We also asked questions measuring attitude toward the charity we used [United Nations Children's Fund (UNICEF)] and their perception of the social desirability of donating to this charity. Subject groups did not differ in their attitude (control mean = 5.27 vs. ASD mean = 4.55; P = 0.36, two-tailed) or their perception of social desirability of donating (control mean = 4.55 vs. ASD mean = 4.90; P = 0.62, two-tailed).
Quantifying Observer Behavior.
To verify that there was no difference between subject groups in the behavior of the experimenter who was acting as the observer in our study, independent raters analyzed video recordings that were made covertly during the Presence session. Coding of these tapes by two independent coders (who were blind to the group membership of the subject) confirmed that there was no occasion on which the observer engaged differentially in any apparent activities (e.g., talking, coughing, etc). Additionally, after checking each videotape, two coders were encouraged to guess whether the observer was watching ASD or control participants; their best guesses were at chance (Fisher exact test, all P > 0.67), indicating that there was no detectable difference in the observer's behavior between the two groups.
Discussion
The present study showed that whereas control subjects donated more often in the presence of an observer than when they made donation decisions alone, ASD subjects showed no such effect (if anything, a slight trend in the opposite direction). Moreover, there was a correlation in the controls between how much they were inclined to donate without observation and the strength of the observer effect; and there was an effect on RT due to the presence of the observer. None of these effects were present in people with ASD. The equivalent social facilitation effects seen in both groups on a CPT task argue that people with ASD have intact nonspecific effects of the presence of another person and can perceive other people. Taken together, the findings indicate that individuals with ASD have a specific deficit in taking into account their reputation in the eyes of others.

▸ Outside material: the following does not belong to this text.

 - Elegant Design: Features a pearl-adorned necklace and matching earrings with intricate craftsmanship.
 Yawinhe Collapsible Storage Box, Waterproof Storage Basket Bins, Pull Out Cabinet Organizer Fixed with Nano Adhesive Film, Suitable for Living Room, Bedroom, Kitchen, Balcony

Might people with ASD be immune to observer effects simply because they have less empathy for others (less intrinsic motivation to help others)? We did find that ASD features somewhat fewer donations in general, in addition to the more specific lack of an observer effect on these donations (Fig. 3A), even though this was not a statistically significant difference between groups. It has been well established that ASD features reduced empathy (27, 28), and our ASD sample actually scored significantly lower on Simon Baron-Cohen's Empathy Quotient than the control group, whereas there was no difference in Systematizing Quotient (29) between the two groups (Table S1). However, in the present study, by keeping the partner of the game identical (UNICEF) and only manipulating the presence of an observer (thus manipulating only the extrinsic motivation to donate), any overall differences in empathy (intrinsic motivation to donate) cannot explain the group differences on the observer effect that we report.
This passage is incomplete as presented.